Every day they remind me.  They say, hey Naked E, it wasn’t your fault.  She was always here.  Dancing is just your thing, she gamed you like an XBox. Like Halo.  Ironic because she is Satan.  No Halo for Satan.  No Halo for Satan.  But don’t get me wrong, B if you’re reading this.  I enjoy the flirting and the sex.  But I never really got into the cat.  The cat was the speed bump that bottomed out my ‘vette from day one.  I have not a ‘vette, and you get the metaphor.  I hope you do.  If you don’t then even my best verbal wrangling couldn’t gracefully nimble bck and restructure what I have already written.  I am sorry for the booze.  I am sorry for the drugs.  I am sorry for always saying I’m sorry.  But I feel that I should tell you how I feel all the time.  At the time I punched in those words, the feeling I needed to convey was sorrow, regret.  I could have said that I regretted the booze.  That may have been better.  Can we pretend that I said that instead?  Do synonyms have the same effect?  I will use this experience to find out so let me know how you feel.  I feel okay.
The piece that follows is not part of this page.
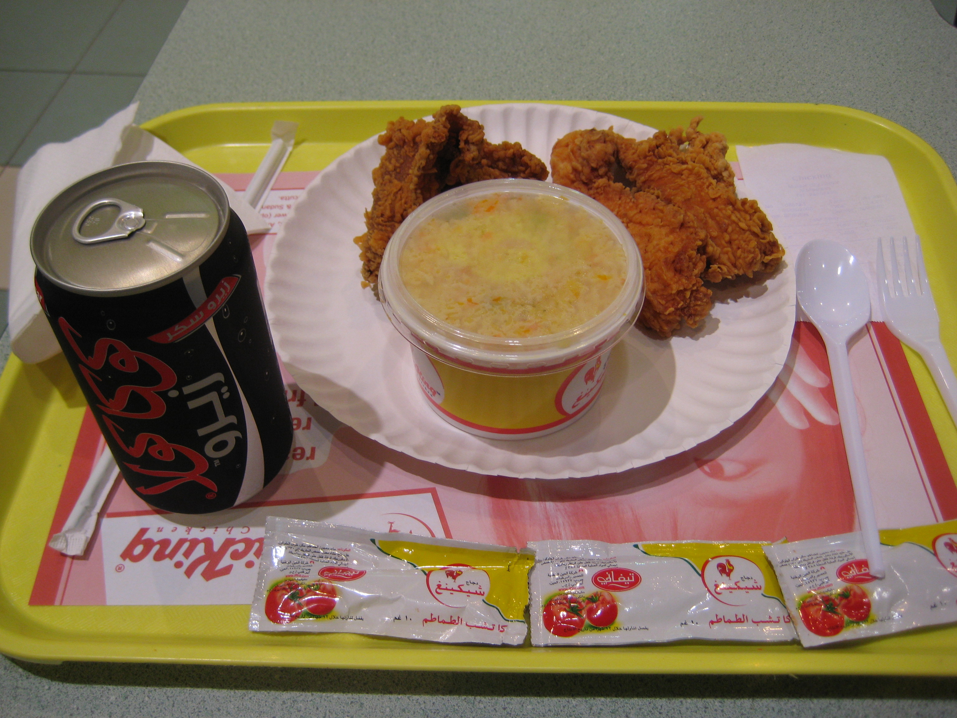 2008年6月5日 / 最終更新日時 : 2008年6月5日 morimasafumi 未分類 オマーンの食事 宿泊したホテルはオーストラリア系ということで、食事にはしっかりベーコンも出てきました。豚肉系はこの国では御法度なのでしょうが。 町中で一番ポピュラーだったのはKFC。中国と同じです。しかも安い。だからみんなバレルで買っていきます。僕はこの食事が約300円でした。日本の半額程度かな? Follow me! FacebookXBlueskyHatena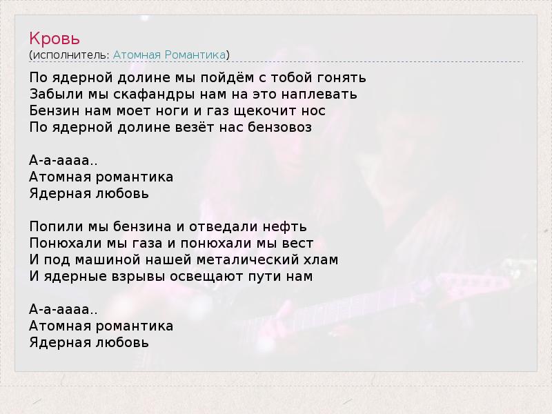По ядерной долине мы пойдём с тобой гонять Забыли мы скафандры нам на это наплевать Бензин нам моет ноги и газ щекочит нос По ядерной долине везёт нас бензовоз А-а-аааа.. Атомная романтика Ядерная любовь Попили мы бензина и отведали нефть Понюхали мы газа и понюхали мы вест И под машиной нашей металический хлам И ядерные взрывы освещают пути нам А-а-аааа.. Атомная романтика Ядерная любовь

Feeling her way through the dark by the lught of her cell phone with one block blinking ominously indicating that the battery had become junk metal barely pumping out static electricity at this point.  She would never make it home.  She was on the darkest road in the darkest part of town.  Her phone beeped.  A blast of light and it was over.  Darkness.  Swimming in darness like a fat kid on a boat where the skinny people have mutinied and the fatties have been jettisoned so that there would be crab legs left at the buffet.  Thought was:  they had a good chance of floating via their blubber and being insulated from a shark attack.  In a way it was free cosmetic surgery.  If a shark came and snacked on a chunk of fatty fat, clearly you would be at your own funeral, a svelte, proud corpse.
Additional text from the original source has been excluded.